Ao recebê-lo, rocei-lhe os dedos; mil faíscas abrasaram-me o sangue. Bebi o licor dourado até a última gota e pareceu-me que chamas azuladas voavam sobre meus lábios. Meus sentidos nadavam numa embriaguez deliciosa e quando voltei a mim, estávamos, eu e Ela, lado a lado, sobre os coxins de um divã rosa, ao fundo de um gabinete iluminado pela luz sonhadora de uma lâmpada de alabastro, suspensa por cadeias de prata.


Júlia a meu lado, Julia sorridente, afetuosa como outrora; não seria tudo um sonho? Ai! Sonho ou realidade, a ele me entregava inteiramente. Parecia-me ouvi-la dizer as palavras mágicas:


- Meu Teodoro, amo-te, não vivo senão por ti. És a minha poesia e a minha felicidade!


E eu lhe respondia:


- Deus nos reuniu e nem todas as potências do inferno poderão nos separar!

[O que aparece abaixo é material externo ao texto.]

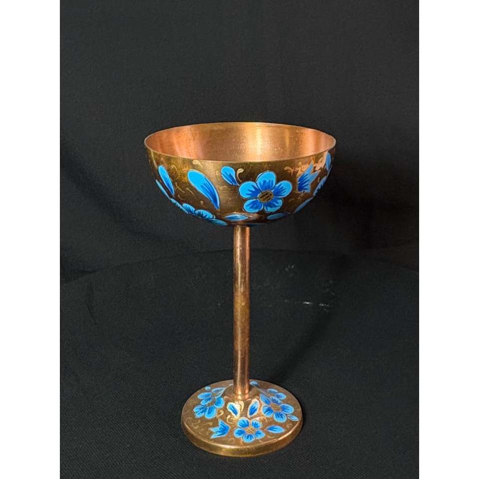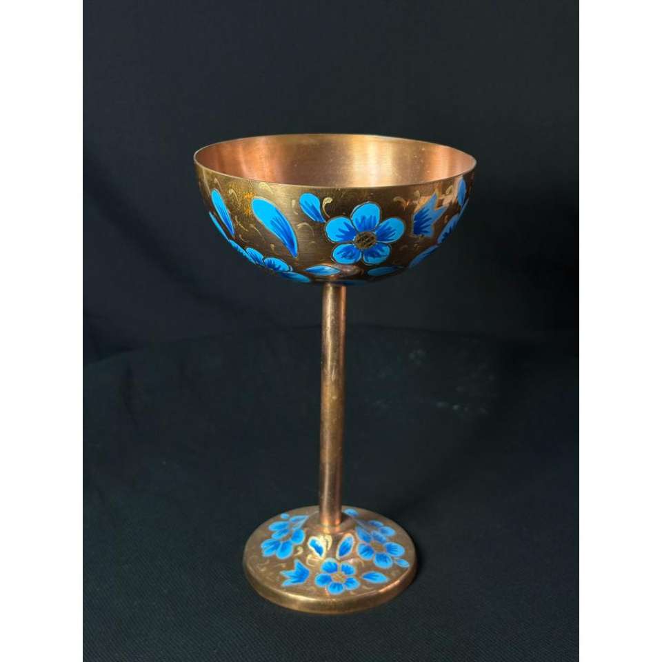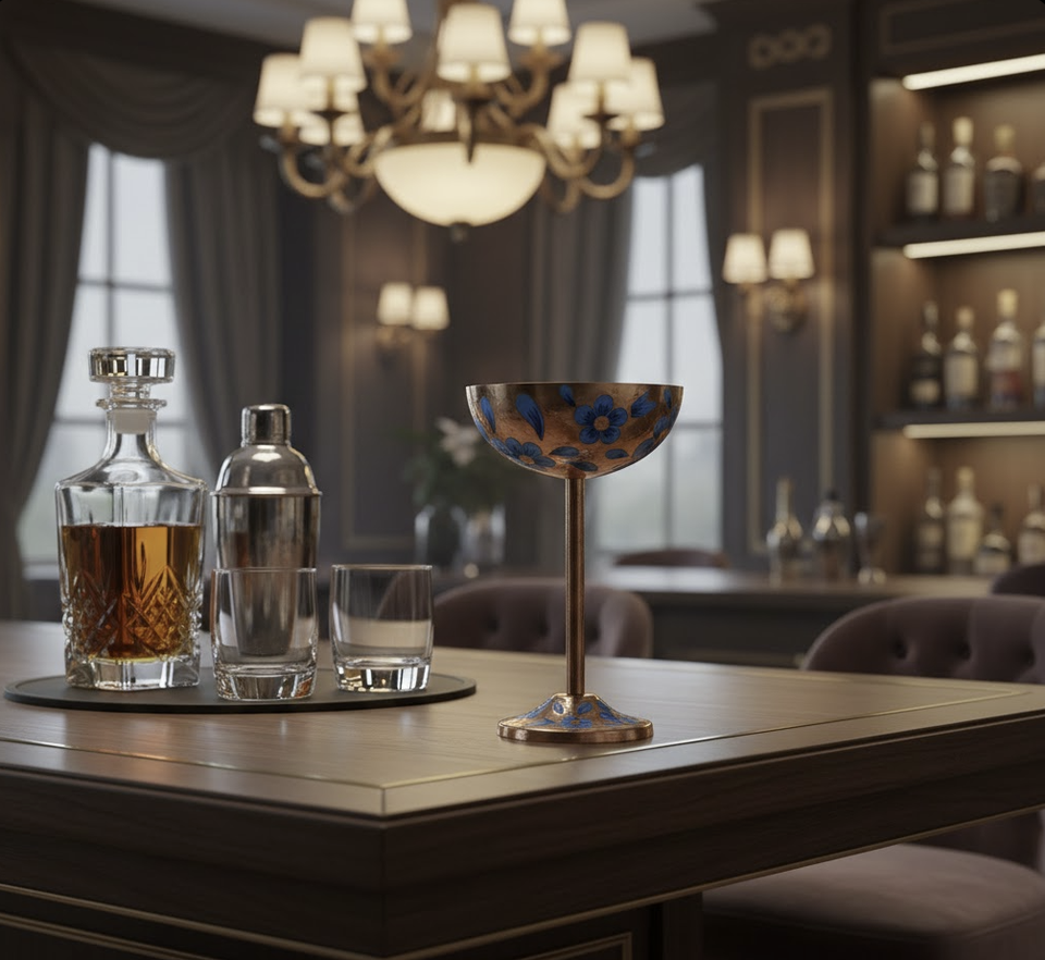 แก้วมาร์ตินี่ทองแดงเพ้นท์ลายด้วยมือ อุปกรณ์บาร์สุดหรู ดีไซน์ดอกไม้สีน้ำเงิน ทำด้วยมือ เหมาะสำหรับใช้ในโรงแรมและร้านอาหาร

Subitamente um pequeno manequim, com olhos de rã, sustentado por patas de aranha, apareceu tropeçando no meio do gabinete.


- Onde, com todos os diabos, te meteste, Júlia? – disse, esticando um nariz pintalgado de tabaco de Espanha.


Júlia levantou-se e despertou-me atrozmente com estas palavras:


- Então, não achas que devemos voltar à festa? Como vês, meu marido está à minha procura. És bem divertido, tanto quanto outrora, meu caro Teodoro; entretanto, não deves beber tanto ponche.


Soltei um grito de desespero.


- Perdida para toda a eternidade!!!


- É como diz, meu bravo senhor – respondeu o odioso animal, a quem ela chamava seu marido.


Era demais para as minhas forças. Sentia-me enlouquecer. Num átimo, vi-me fora do salão, correndo pela escada abaixo. Na rua, a chuva que tombava em cascatas molhava-me o rosto. Eu corria desabaladamente, sem direção nem consciência. E teria continuado a correr se a taverna de mestre Thiermann não me detivesse a fuga com suas portas abertas. Por elas adentro me precipitei, a respiração ofegante, a goela seca e os olhos dilatados.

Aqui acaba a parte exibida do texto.